Your answer must be the lines from the start of the records through the line with "2022 Asymmetrical Bateau", exactly as written, without the pictures.

(Saved entries)
==*==

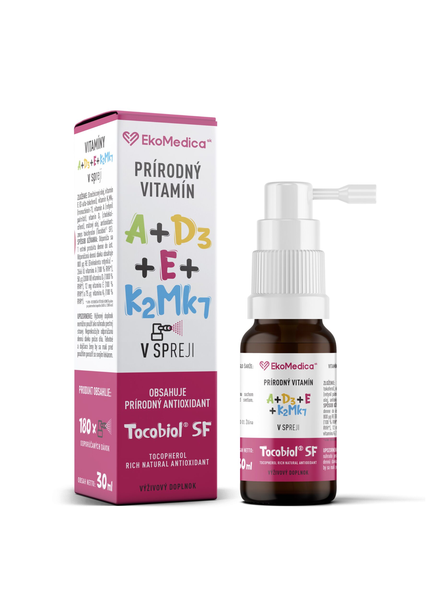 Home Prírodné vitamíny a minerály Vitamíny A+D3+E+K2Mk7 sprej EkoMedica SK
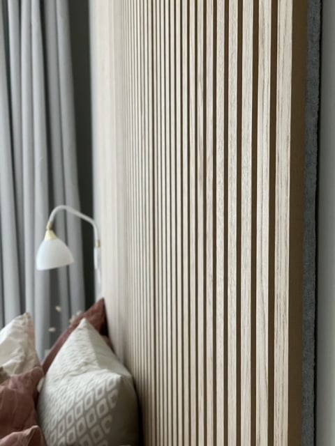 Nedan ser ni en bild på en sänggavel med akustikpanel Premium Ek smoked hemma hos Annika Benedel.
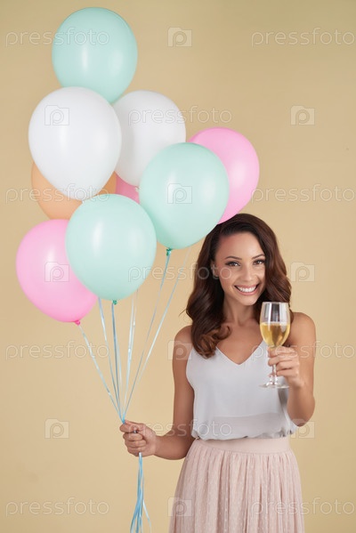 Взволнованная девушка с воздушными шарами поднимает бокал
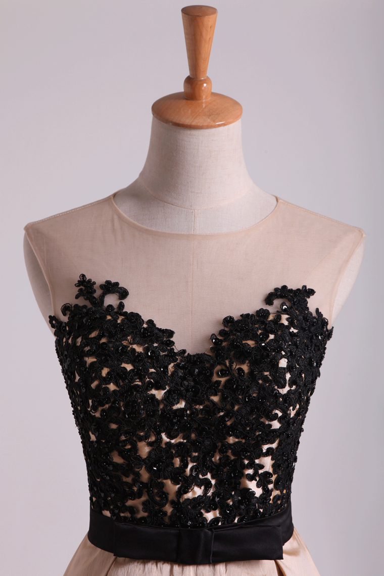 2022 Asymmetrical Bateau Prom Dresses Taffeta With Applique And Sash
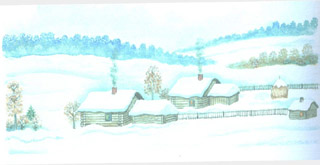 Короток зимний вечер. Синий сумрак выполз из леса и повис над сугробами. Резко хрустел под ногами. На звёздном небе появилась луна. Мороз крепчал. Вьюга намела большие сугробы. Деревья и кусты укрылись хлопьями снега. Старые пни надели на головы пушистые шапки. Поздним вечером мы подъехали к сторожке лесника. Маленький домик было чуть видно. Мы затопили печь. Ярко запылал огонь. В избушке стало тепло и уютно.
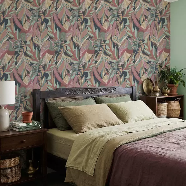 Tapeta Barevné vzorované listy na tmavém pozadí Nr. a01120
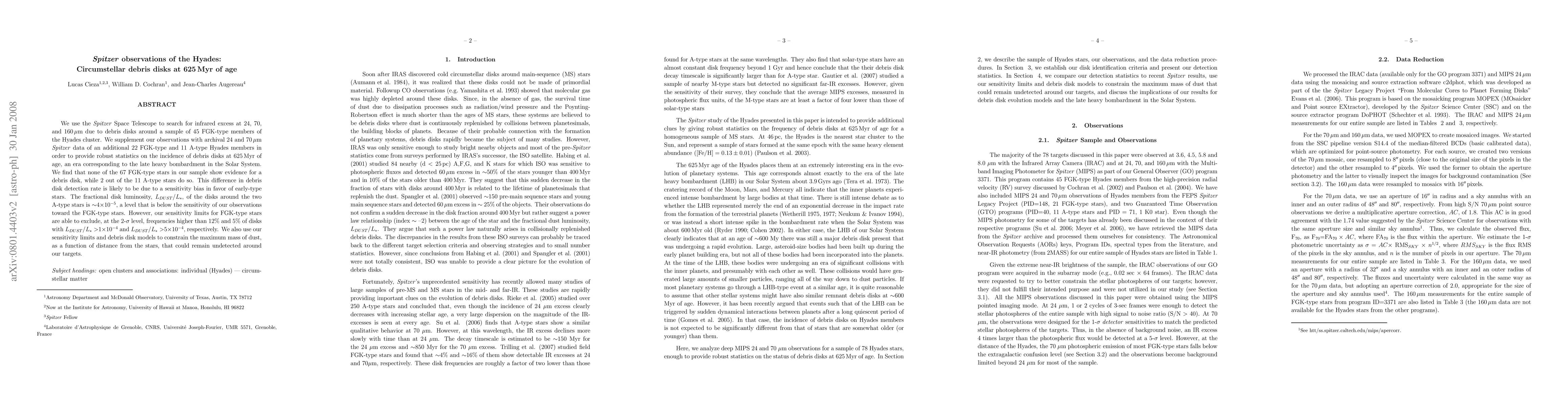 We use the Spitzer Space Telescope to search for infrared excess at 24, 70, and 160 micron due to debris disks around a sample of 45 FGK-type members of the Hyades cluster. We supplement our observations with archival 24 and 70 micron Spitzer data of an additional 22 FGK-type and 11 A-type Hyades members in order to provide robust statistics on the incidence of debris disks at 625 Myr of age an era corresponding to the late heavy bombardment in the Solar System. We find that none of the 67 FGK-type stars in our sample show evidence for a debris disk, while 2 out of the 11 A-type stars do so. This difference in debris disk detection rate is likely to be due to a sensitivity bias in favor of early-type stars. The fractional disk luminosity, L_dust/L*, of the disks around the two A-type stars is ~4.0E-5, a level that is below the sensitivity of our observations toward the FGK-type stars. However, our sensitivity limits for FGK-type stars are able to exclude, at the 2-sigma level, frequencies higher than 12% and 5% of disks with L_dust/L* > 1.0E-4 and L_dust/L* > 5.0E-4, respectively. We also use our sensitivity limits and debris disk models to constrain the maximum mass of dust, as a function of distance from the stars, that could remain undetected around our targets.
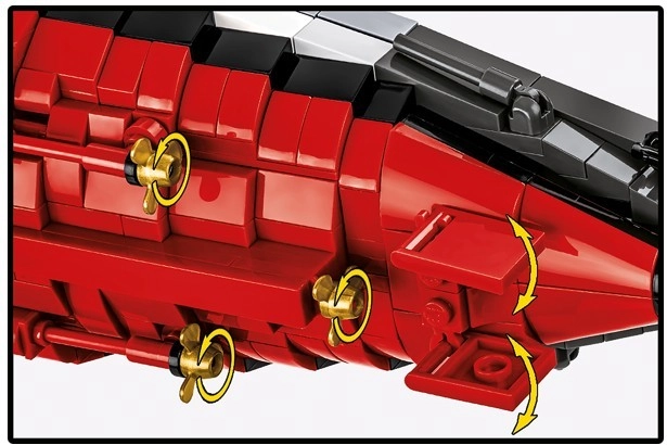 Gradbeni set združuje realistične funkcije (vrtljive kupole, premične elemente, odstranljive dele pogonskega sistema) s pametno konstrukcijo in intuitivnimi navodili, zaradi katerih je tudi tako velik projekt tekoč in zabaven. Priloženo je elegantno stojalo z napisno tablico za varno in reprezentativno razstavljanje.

==*==

__Result of the task__:
 Home Prírodné vitamíny a minerály Vitamíny A+D3+E+K2Mk7 sprej EkoMedica SK
 Nedan ser ni en bild på en sänggavel med akustikpanel Premium Ek smoked hemma hos Annika Benedel.
 Взволнованная девушка с воздушными шарами поднимает бокал
 2022 Asymmetrical Bateau Prom Dresses Taffeta With Applique And Sash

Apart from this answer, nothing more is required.